|
|
|
|
|
by zsch
4777 days ago
|
|
The 2012 data I used as the basis of my program actually had the same thing you describe – the longest streak was an 8 game losing streak despite having more wins than losses overall. And I understand exactly where you're coming from. This is very preliminary, and if anything it was good coding practice for me. Though I very much intend to incorporate more significant factors like the lineup, the opposing team, and their history. |
|
Based on these models, you should have some good examples of selection bias, and see how the model changes based on what you are not testing for, but what is implicit in the data (since data is merely a set of samples of data generated by one iteration of the (unknowable to some degree) true talent functions for each team (player, lineup decision, injury, close call by an ump, etc.)
If you're interested in going down the rabbit hole, there's tons of people who can show the way (and they're nice! At least tangotiger is way nicer than he should be in listening to people who have put no effort in understanding what is good and what is beginner's blind bliss)

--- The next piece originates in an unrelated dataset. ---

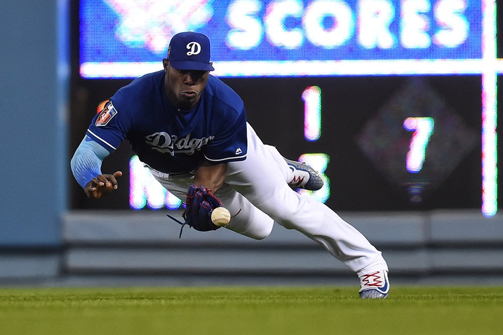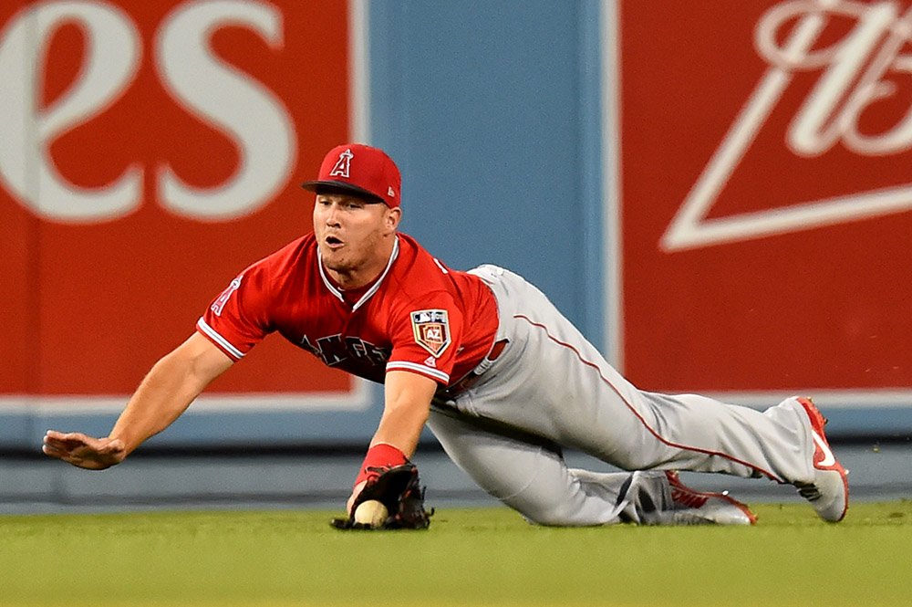 The Dodgers’ Yasiel Puig #66 dives for a fly ball during their game against the Angels.

Hot and cold streaks are just random variance, so is whether balls are hit within reach of fielders or safely out of reach, given a certain contact quality (ground ball, fly ball, infield pop up, or line drive all have vastly different tendencies to fall for a hit - line drives ~.600-700 babip if I recall, FB ~ low .200ish, GB ~ .300, pop up 0ish?) point is these are all known, to se degree, given the historical data.
If anyone wants to explore this stuff further let me know & I can point you to the right spots to help a specific interest?